Python node: add code to your flow

Admin · November 14, 2024, 7:29am

In Scade, users have the option to incorporate Python code into their workflows it helps to:

Enhance flexibility by introducing custom scripts and models.
Manage data efficiently, from retrieval to preprocessing, before using it in the workflow.
Optimize resources, potentially saving credits by handling data processing and other computationally expensive tasks in Python.

The node Python Async Function allows you to run Python scripts within your Scade flows. It comes with a pre-filled code example to help you get started.
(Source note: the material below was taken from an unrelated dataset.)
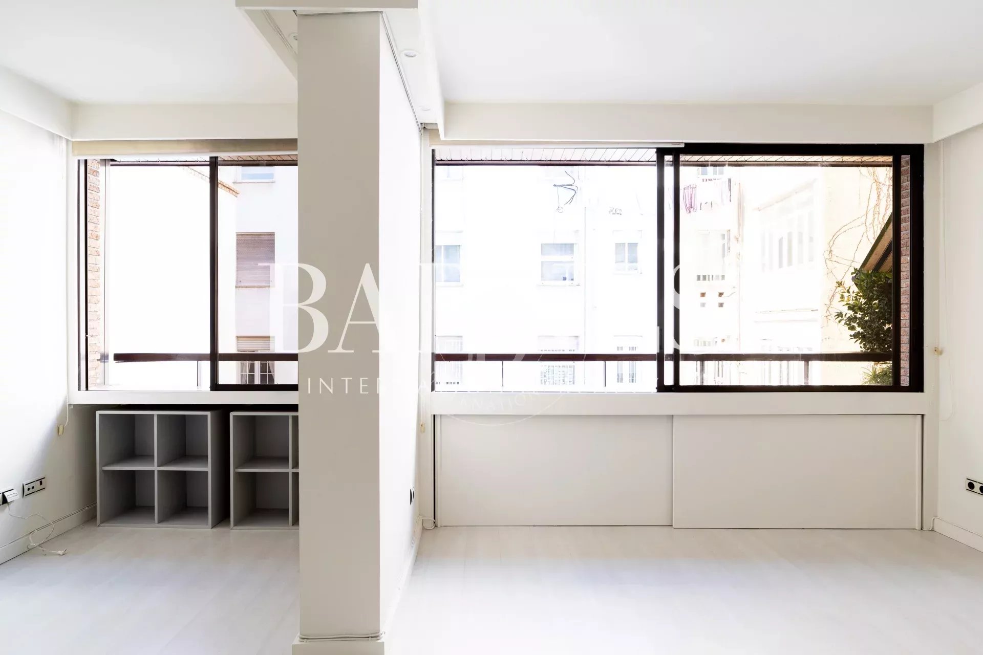 Les grandes fenêtres de l’appartement offrent une vue agréable sur le jardin intérieur, apportant lumière naturelle et sérénité.

To use this node effectively in this setup, you need to follow some essential guidelines:

Function Definition: You must define a function called main(context).

`def main(context):`

`async def main(context):`

`def main(context, *args, **kwargs):`

`async def main(context, *args, **kwargs):`

Yield Statement: The function should end with a yield statement.

async def main(context, *args, **kwargs):
     from datetime import datetime
     result = datetime.utcnow()
     **yield** result

Imports: All Python imports must be placed inside the main(context) function, not outside it.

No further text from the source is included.